Designing for Wordpress

lisa Lisa, 20th April 2010

I love Wordpress - it's a great piece of opensource software that's really blog software, but because of it's feature of "pages", also makes a great CMS.

I've been asked by a few designers lately what they need to consider when designing for Wordpress. So I thought I'd share what I class as the 2 main things to remember here.

1. Pages and posts

Wordpress has pages. Wordpress can also have sub-pages, and sub-sub-pages etc.

Wordpress has blog posts. And it arranges these blog posts in categories.

In a very basic standard installation of Wordpress, pages and blog posts aren't in the same menu. So you need a menu where pages are listed, and then a menu in a different part of the page for blog categories. (You can combine them, but we're looking at the quickest, simplest, and therefore cheapest customisation here.)

We recently launched a website for Yarty Valley Dairies which was a Wordpress customisation carried out on an extremely tight budget. Therefore the design was simple and the pages and blog categories were kept separate.

The menu for the pages of the site was along the top of the page, with a drop down for sub-pages.

Meanwhile the blog categories where listed on the side in the news section. Although not shown in these screenshots, an item was added in the top menu for "news" as the latest versions of Wordpress let you set a link to the blog part (traditionally the main part of the site) from the main pages menu. 

2. Let it grow!

The point of Wordpress is that it is fluid and aims to build an archive of information and content during it's lifetime. Remember, it's traditionally a blog which is a "web log" - a journal or diary. Therefore menus need to be able to grow.

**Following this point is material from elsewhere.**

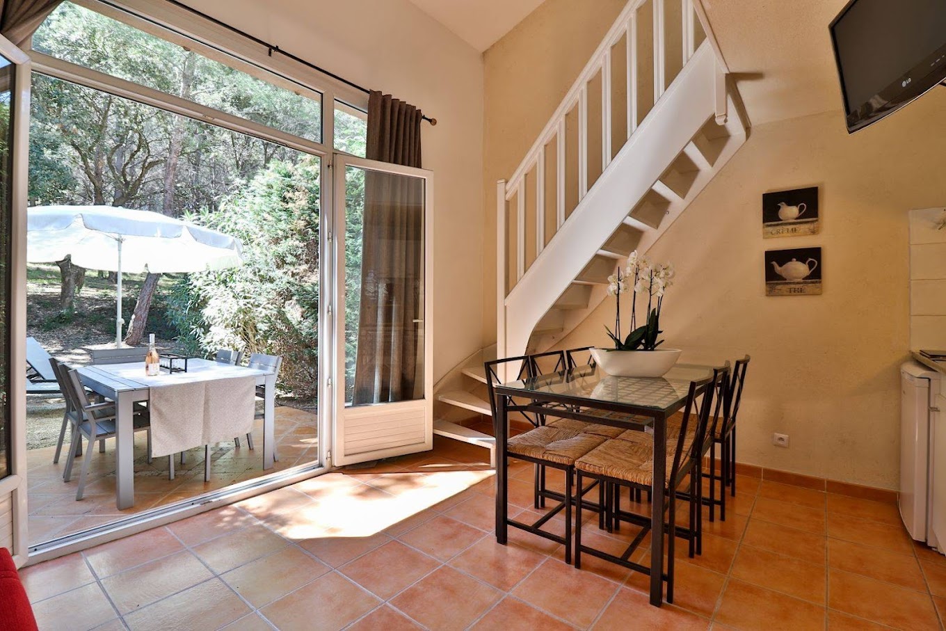 Coin cuisine équipé Transat sur le balcon, terrasse Tv écran plat Wifi type fibre Climatisation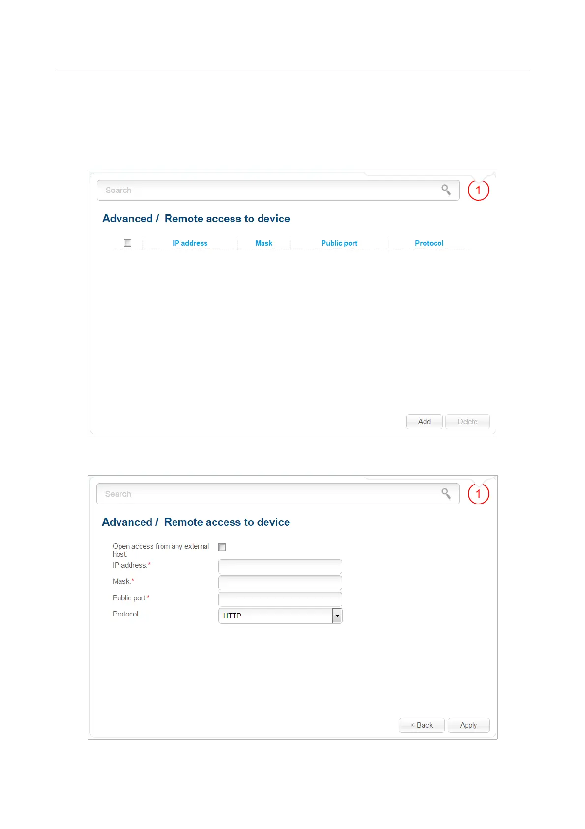 On the Advanced / Remote access to device page, you can configure access to the web-based

Unless you take it out (which is quick to do but a waste as it's great fodder for search engines) Wordpress lists an archive of blog posts, organised by month, in the side bar where the blog categories are listed (on the right in the 2nd screenshot). If your blog is alive for a long time, and you nurture it and give it fresh content regularly, then this archive list will grow very long. So any design has to allow for that column to extend.

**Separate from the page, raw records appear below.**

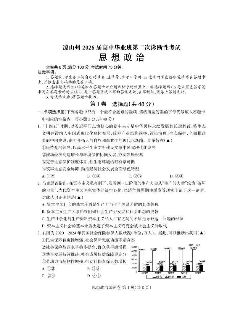 凉山州2026届高中毕业班第二次诊断性考试 政治.pdf
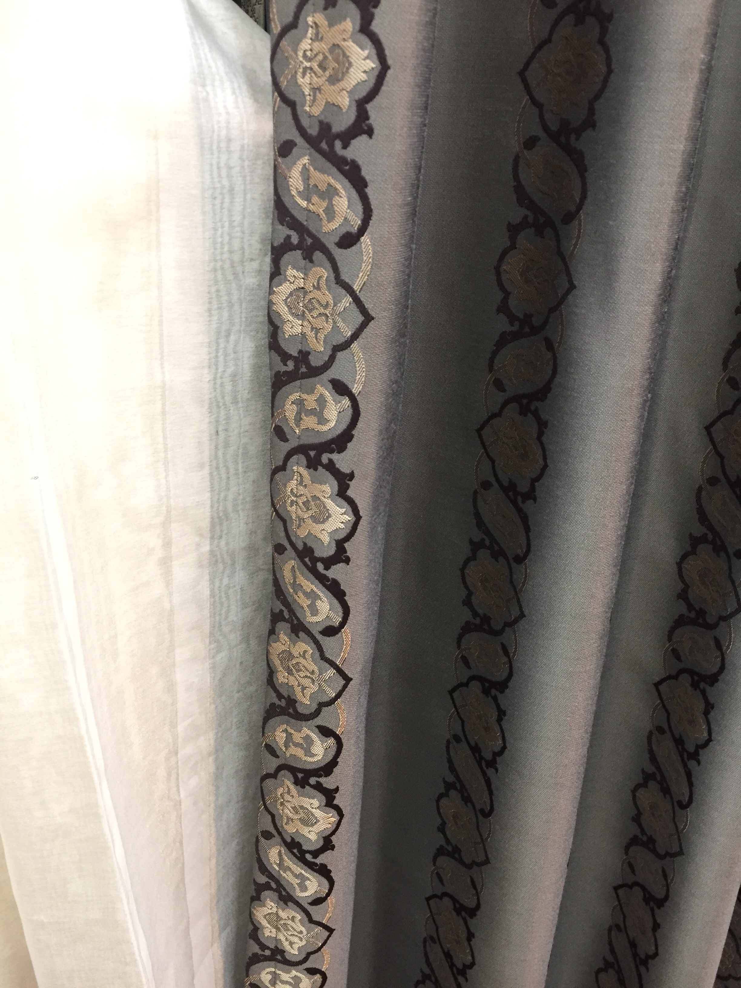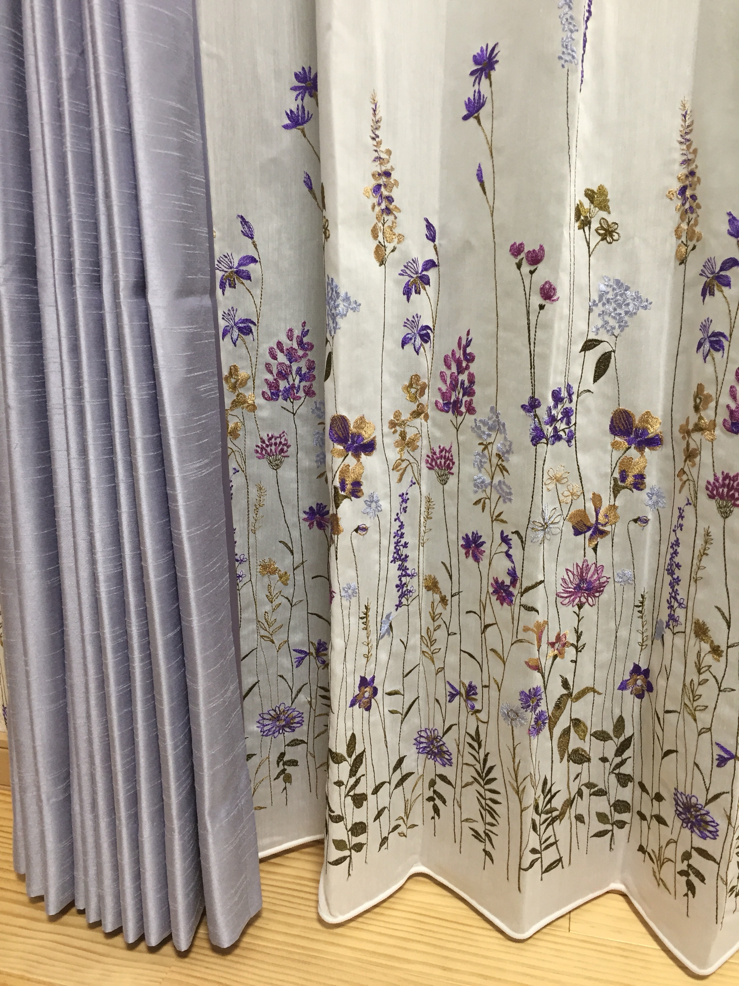 レースは二枚重ねのモアレがキレイな川島織物定番のもの。ドレープも川島織物セルコン。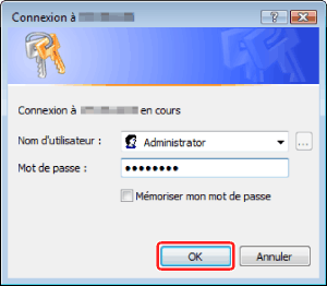 Saisir le nom et le mot de passe de l'utilisateur qui accède à la Boîte avancée, puis cliquer sur [OK].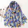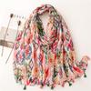 Bawełniano-lniany szal Bali Yarn: Świeży Jednolity Kolor, Liście w Kolorze Owocowej Zieleni i Jaskrawej Żółci z Detalem Chwosta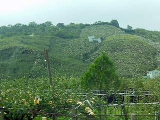 果樹園 山地にさしかかると斜面は果樹園。 今はナシの袋が目立つ。 |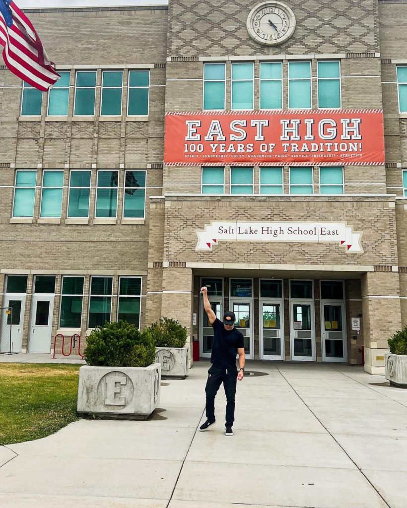 "Don't you... Forget about me (No te olvides de mí) ✊🏼”, escribió el intérprete en una publicación de Instagram este viernes. Donde lo mostraba posando frente a la escuela ubicada en la ciudad Salt Lake (Estados Unidos).

Similarly, a Wordpress admin can add an unlimited amount of categories and sub-categories to their blog, along with an unlimited amount of pages and sub-pages. So both these menus need to be able to grow too, so a vertical menu is often wise. I broke this rule with the design above, but only after close consultation with the client that they weren't going to ever want more than 6 or so top-level pages.

Themes

There are countless amounts of Wordpress themes available out there on the big WWW - some are free and some you have to pay for. They're worth having a look at if you're designing a Wordpress site as you can see what's really possible and you might be able to buy/download one, and then (depending on the license with it) tweak it to your needs (leaving a copyright intact if requested by the original author). This can often be a more time-efficient and so cost-effective way of achieving a more advanced Wordpress customisation... but if you're designing a site that's going to be built by someone else, always check with them what is possible within the budget/quote.